In model machine distribution

AKA “if truth be told free without a-commercials apps retailer”
of the Linux and BSD worlds.
(Even supposing it remains to gaze for a methodology long the “no-commercials”
statement will retain…)

One of many well-known differentiators between Linux and BSD’s
when put next to Dwelling windows (and to a diploma OSX) is the
bundle manager
that fulfills about a vital duties:

  • discovery —
    shopping for machine packages (mostly start-source)
    that are identified to work on one’s machine;

  • fetching —
    downloading (and verifying the signature of)
    the entire recordsdata required to run the machine on one’s machine,
    in most cases in the invent of bundled packages
    (thus the name of “bundle manager”);
    and it does this no longer simply for the explicit machine recordsdata
    (mainly executables, libraries, sources, or documentation),
    but furthermore other dependent recordsdata
    (mainly other libraries or sources);

  • deployment —
    inserting in, updating,
    and to a diploma configuring
    (mainly thru installation hooks)
    each and each the explicit machine
    and its (far too many extra in most cases than no longer) dependencies;

  • but, most importantly, solving Sudoku
    provided that many bundle managers are
    SAT solvers,
    one would possibly maybe simply cheat at Sudoku
    and let the bundle manager clear up the puzzle,
    supplied that one is able to particular it by methodology of dependency constraints;

I repeatedly take into accout with enormous alarm
the time after I was utilizing Dwelling windows and I had to reinstall it:
win the “set up kits”,
each and each for machine and drivers,
which extra in most cases than no longer had been
extra cherished than grandmas jewellery
attributable to these had been gripping indispensable executables
chanced on handiest on the CD that came with the enlargement card;
then sit down thru unending sessions of next-next-next wizards;
rinse and repeat each and each 6 months,
or except it crashed bigger than 5 times a day…

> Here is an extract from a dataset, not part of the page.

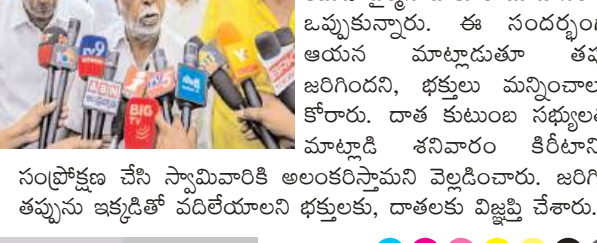
సంప్రక్కణ చేసి స్వామివారికి అలంకరిస్తామని వెల్లడించారు. జరిగిన తప్పును ఇక్కడితో పదితయాలని భక్తులకు, దాతలకు విజ్ఞప్తి చేశారు.

గుడివాడ, కలంకొంటర్ : గుడివాడ శ్రీ కళ్యాణ వెంకటేశ్వర స్వామి ఆలయాలకి చెందిన కోటి రూపాయల విలువైన స్వర్ణ కిరీటం మాయం వ్యవహారంలో చివరకు కాలిక్వి వచ్చింది. తాకట్టు వ్యాపారం నుంచి కిరీటాన్ని విడుదల చేసేందుకు ప్రభుత్వ విడిపించారు. శుక్రవారం ఆర్కైవ్స్ కళ్యాణమందిర ప్రాంగణంలో మీడియా ముందు కిరీటాన్ని కమిటీ సభ్యులు ప్రదర్శించారు.

And, if it weren’t for Homebrew,
OSX users would suffer from the identical destiny on every fresh set up…

Also, I was lately made aware that there would possibly maybe be
Chocolatey for Dwelling windows,
that appears to bear ~9K packages accessible.

Sustainability of the gap-quo

Unfortunately, especially as of unhurried, sigh for the last 4 or 5 years,
things bear began to regress on the bundle administration front…
(No, it will not be the Sudoku solving skill, it be aloof there,
and it appears necessary for any non-trivial distribution-wide enhance…)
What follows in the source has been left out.